Syaikhul Islam Ibnu Taimiyah rohimahullah berkata, “…apabila kebahagiaan dunia dan akhirat dengan cara mengikuti para Rasul berarti orang yang paling berhak terhadap para Rasul adalah yang paling tahu tentang atsar-atsar jejak-jejak para Rasul dan yang paling mengikuti mereka, maka orang-orang yang berilmu yang senantiasa mengikuti jejak kaki para Rasul, merekalah orang-orang yang diberikan oleh Allah kebahagiaan di setiap zaman dan tempat merekalah “Thoifah Najiyah” (kelompok yang selamat), merekalah Ahlussunnah wal Hadits dari ummat Islam ini…“
Ibnu Taimiyyah rohimahullah juga berkata (dalam Majmu Fatawa di jilid 4 halaman 26), “…Ahli Hadits dan Ahlussunnah adalah orang yang paling tahu tentang sabda-sabda Rasulullah shallallahu ‘alayhi wasallam dan keadaan-keadaannya, mereka paling bisa membedakan shohih dan dho’if. Imam-imam mereka adalah orang-orang yang faqih, yang betul-betul memahami Alqur’an dan Hadits Nabi shallallahu ‘alayhi wasallam, dan betul-betul mengikutinya. Dengan pembenaran, dengan amalan, dengan kecintaan, loyalitas dan permusuhan semuanya karena iman diatasnya.
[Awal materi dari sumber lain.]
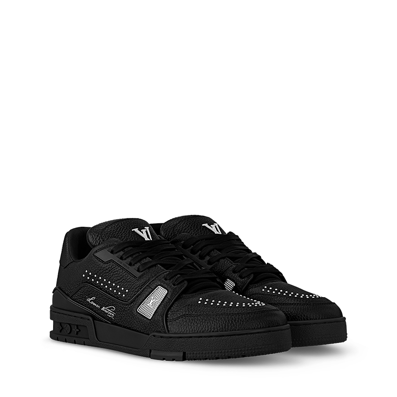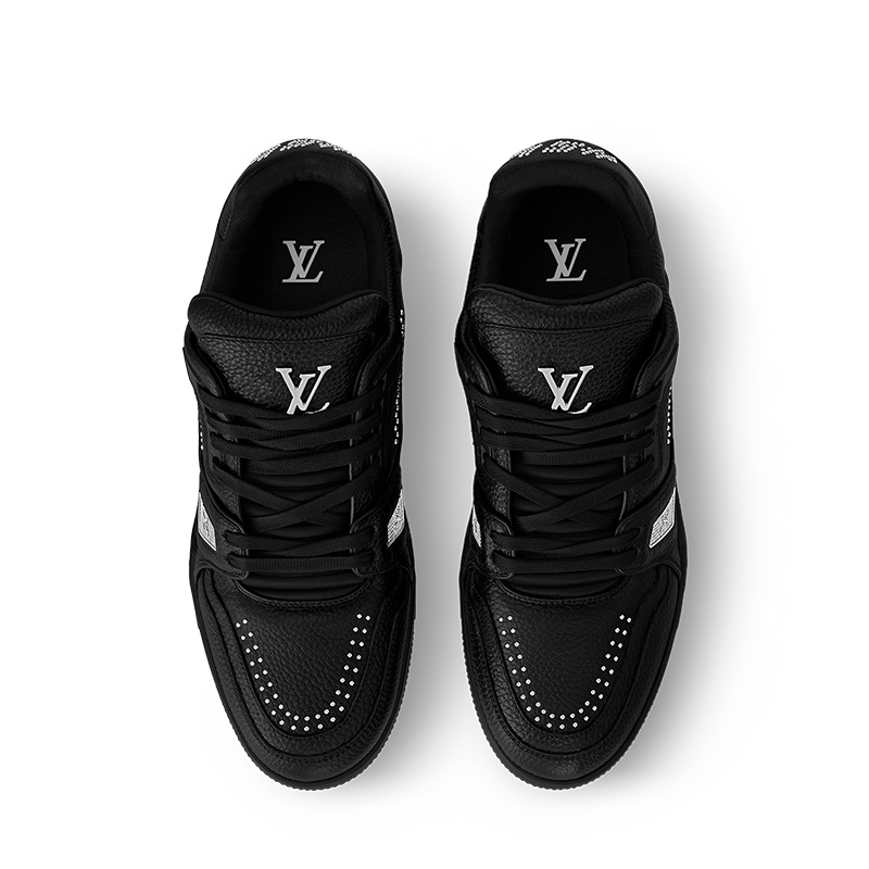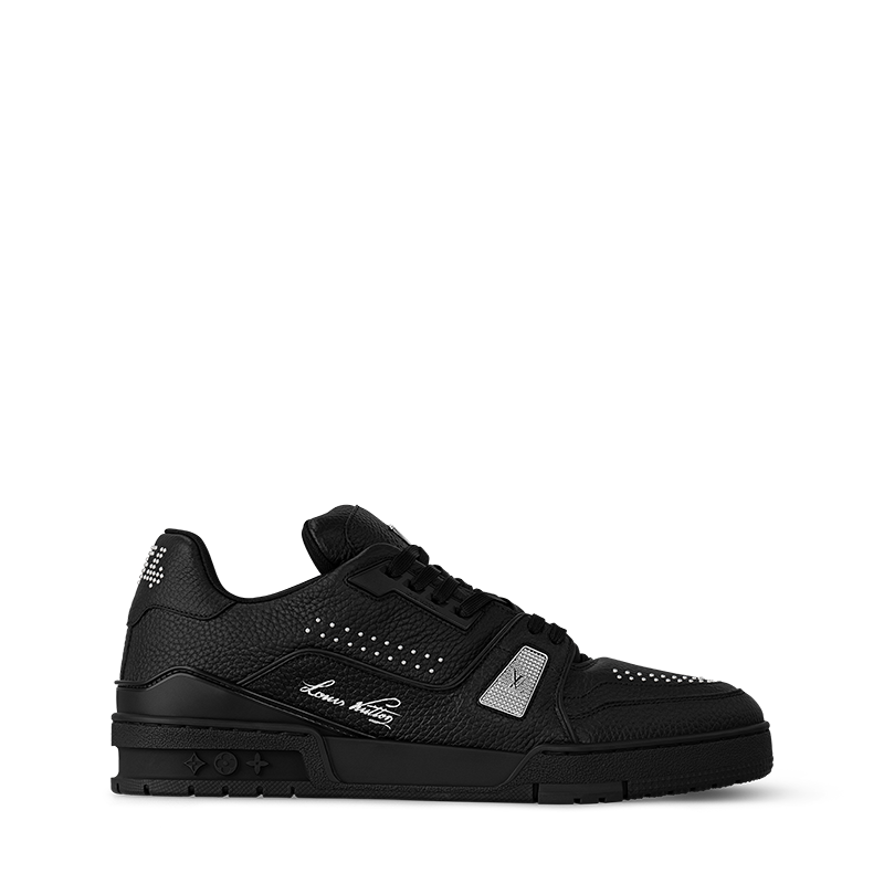 The iconic LV Trainer sneaker is revisited in grained calf leather with details in silver-toned metal, including tiny studs and the LV Initials. Originally designed by Virgil Abloh, this model was inspired by vintage basketball sneakers. It bears the Louis Vuitton script signature on the side, while the technical rubber outsole is decorated with Monogram Flowers.

Yang mereka membantah pendapat-pendapat yang bathil dan mengembalikan dalil-dalil yang bersifat global kepada Alqur’an dan hikmah, sehingga mereka tidak pernah menegakkan suatu ucapan siapapun sebagai pokok-pokok agama mereka APABILA ternyata tidak sesuai dengan atau tidak “tsabit” dari Rasulullah shallallahu ‘alayhi wasallam…“
“…Bahkan mereka hanya menjadikan apa yang di bawa oleh Rasulullah shallallahu ‘alayhi wasallam berupa Alqur’an dan Hadits sebagai pokok yang menjadi sandaran mereka…” (Majmu Fatawa jilid 4 halaman 347)
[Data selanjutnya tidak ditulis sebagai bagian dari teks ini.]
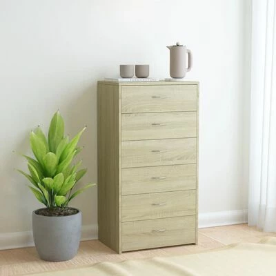 Made of quality engineered wood, this sideboard is exceedingly durable and sturdy. The sideboard offers large storage space with 6 drawers. You can keep your books, multimedia appliances and other personal belongings organized and within reach. Additionally, the sturdy tabletop is ideal for displaying decorative objects, photo frames or potted plants.

Beliau juga berkata, “…oleh karena itulah orang-orang mu’tazilah, murji’ah dan yang lainnya dari kalangan ahli bid’ah menafsirkan Alqur’an dengan ro’yu, ro’yu dengan akal mereka sendiri. Oleh karena itu kamu dapati mereka tidak menjadikan hadits-hadits Nabi shallallahu ‘alayhi wasallam, atsar sahabat dan tabi’in sebagai pegangan mereka. Mereka tidak bersandar kepada sunnah, tidak pula kepada ijma’ salafush-sholeh dan atsar mereka, akan tetapi sandaran mereka adalah akal, dan bahasa arab yang mereka takwil-takwil. Sandaran mereka juga adalah hawa nafsu sehingga pada waktu itu mereka menjadi orang-orang yang tersesat jalannya…“
. Wallahu a’lam 🌴
.
. Ustadz Abu Yahya Badrusalam Lc, حفظه الله تعالى.
. Dari buku yang berjudul “Al Ishbaah Fii Bayani Manhajis Salaf Tarbiyati wal Ishlah“, tentang Manhaj Salaf Dalam Masalah Tarbiyah dan Perbaikan, ditulis oleh Syaikh Al Ubailaan حفظه الله تعالى.